Just upraded to the 22g VST basket from the 18g. Wow. Why did I wait so long.


----------



## garydyke1 (Mar 9, 2011)

I thinking about a VST 20g ridgeless ''competition'' size. 22g is jus obscene


----------



## tribs (Feb 21, 2012)

Milesy, why should I get a 22g VST?


----------



## aaronb (Nov 16, 2012)

Are you massively up dosing to fill the basket though? I'm intrigued as well!

Does anybody have thoughts on Ridged vs Ridgeless?

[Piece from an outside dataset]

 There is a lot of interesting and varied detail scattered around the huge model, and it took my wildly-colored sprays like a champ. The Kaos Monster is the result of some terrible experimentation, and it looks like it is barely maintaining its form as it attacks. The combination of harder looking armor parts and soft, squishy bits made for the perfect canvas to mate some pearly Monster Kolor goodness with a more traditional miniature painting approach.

I've never used a ridged before but the L1 Bottomless PF comes with a ridged basket, might give it a go.


----------



## seeq (Jul 9, 2011)

I prefer ridgeless, but I don't really know why, other than its easier to get the basket in and out the PF. In purely coffee making terms it makes no difference at all. It is purely down to personal preference I think.


----------



## garydyke1 (Mar 9, 2011)

aaronb said:


> Does anybody have thoughts on Ridged vs Ridgeless?


+1 for ridgeless but it will highlight if you need a new portafilter spring pretty quickly when knocking the puck out!


----------



## garydyke1 (Mar 9, 2011)

aaronb said:


> Are you massively up dosing to fill the basket though?

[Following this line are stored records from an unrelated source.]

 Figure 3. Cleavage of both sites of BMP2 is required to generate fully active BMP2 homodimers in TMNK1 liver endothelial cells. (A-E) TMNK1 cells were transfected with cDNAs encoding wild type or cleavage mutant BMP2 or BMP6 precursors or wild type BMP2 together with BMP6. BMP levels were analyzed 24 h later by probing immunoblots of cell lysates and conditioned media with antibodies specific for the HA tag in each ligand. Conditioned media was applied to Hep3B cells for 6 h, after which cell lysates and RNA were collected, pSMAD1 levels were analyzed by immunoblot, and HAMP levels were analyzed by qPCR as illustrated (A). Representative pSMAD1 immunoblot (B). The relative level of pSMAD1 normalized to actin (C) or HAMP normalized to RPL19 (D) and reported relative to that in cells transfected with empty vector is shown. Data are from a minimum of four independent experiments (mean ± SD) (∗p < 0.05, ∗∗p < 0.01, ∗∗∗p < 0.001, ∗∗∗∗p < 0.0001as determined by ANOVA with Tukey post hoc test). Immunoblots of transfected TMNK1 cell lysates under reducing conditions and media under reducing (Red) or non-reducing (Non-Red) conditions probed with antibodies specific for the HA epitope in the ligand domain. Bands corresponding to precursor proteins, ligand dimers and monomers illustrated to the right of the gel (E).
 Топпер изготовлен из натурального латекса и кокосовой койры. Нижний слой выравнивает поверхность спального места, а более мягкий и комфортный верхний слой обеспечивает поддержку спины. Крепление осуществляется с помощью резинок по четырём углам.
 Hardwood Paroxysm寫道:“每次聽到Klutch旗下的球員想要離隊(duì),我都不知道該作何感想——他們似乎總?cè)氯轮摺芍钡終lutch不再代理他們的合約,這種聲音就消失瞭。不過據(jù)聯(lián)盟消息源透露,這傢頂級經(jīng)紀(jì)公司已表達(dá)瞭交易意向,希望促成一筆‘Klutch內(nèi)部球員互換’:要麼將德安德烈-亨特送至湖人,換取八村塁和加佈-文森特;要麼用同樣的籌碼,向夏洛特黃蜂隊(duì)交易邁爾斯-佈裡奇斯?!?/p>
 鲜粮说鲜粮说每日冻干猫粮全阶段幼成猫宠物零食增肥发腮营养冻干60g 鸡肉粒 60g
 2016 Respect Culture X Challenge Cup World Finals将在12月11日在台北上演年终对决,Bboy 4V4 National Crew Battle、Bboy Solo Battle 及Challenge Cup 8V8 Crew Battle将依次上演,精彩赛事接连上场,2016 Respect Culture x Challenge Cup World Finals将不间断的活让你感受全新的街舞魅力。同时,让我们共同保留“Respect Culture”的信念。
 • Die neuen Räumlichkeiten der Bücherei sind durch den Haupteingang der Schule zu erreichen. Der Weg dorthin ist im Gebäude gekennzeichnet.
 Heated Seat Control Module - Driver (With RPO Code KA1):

A 22g basket will accept 21-23g I would have thought. The hole size and basket depth wil be optimised for the designed dose


----------



## Milesy (Mar 8, 2012)

I am dosing 22g exactly. The resulting pour was had more of a mouth feel. It was full bodied and fruity, with chocolate sweetness but without extracting too much caramels. The lower dose basket has a lot less wiggle room I think and needs a bit more accuracy. With the larger dose I seem to be able to get away with more in the variables but still get a consistent pour. Just double spout it into two cups


----------



## Glenn (Jun 14, 2008)

Great for triple ristrettos but 22g is usually too big for most people.

Sanremo is using VST 20g Ridgeless baskets this year and UKBC entrants are able to get them for a great price through VST's sponsorship deal.


----------



## garydyke1 (Mar 9, 2011)

Ive ordered a 20g ridgeless VST. Now I can play along at home WBC-style dosing


----------



## jonolef (Nov 23, 2013)

Ridges of the basket are a great reference point for baristas wanting to ensure their tamp is absolutely flat. The coffee bed in relation to the ridge is a nice easy checkpoint.

With regards to 20 vs 22, surely it just means your yield can be increased from say the optimal 27 to 34g on a 20g basket to 38-odd grams. So you can enjoy the same esp to milk ratios in a longer drink.


----------



## michaelg (Jul 25, 2013)

I have a 22g and an 17g LM and I find a grind that is perfect in the 17g seems painfully slow (even if 'upscaling' the extraction expectation) in the 22g. Weird given I thought the aim of VST's was consistency! Maybe the rest of my prep just isn't consistent! That's the more likely explanation!


----------



## Gangstarrrrr (Mar 4, 2013)

michaelg said:


> I have a 22g and an 17g LM and I find a grind that is perfect in the 17g seems painfully slow (even if 'upscaling' the extraction expectation) in the 22g. Weird given I thought the aim of VST's was consistency! Maybe the rest of my prep just isn't consistent! That's the more likely explanation!


I've found that the different sized VST baskets need different grind settings. Which is why I used to use the pharos for one and a mignon for the other.


----------



## jeebsy (May 5, 2013)

You'll need to be coarser for a higher dose as there's more coffee for the water to make its way through in the allotted time.

The consistency is more about the size and spacing of the holes i think.


----------



## garydyke1 (Mar 9, 2011)

Find the 20g VST superior to the 18g for mouthfeel and sweetness , also more forgiving of technique


----------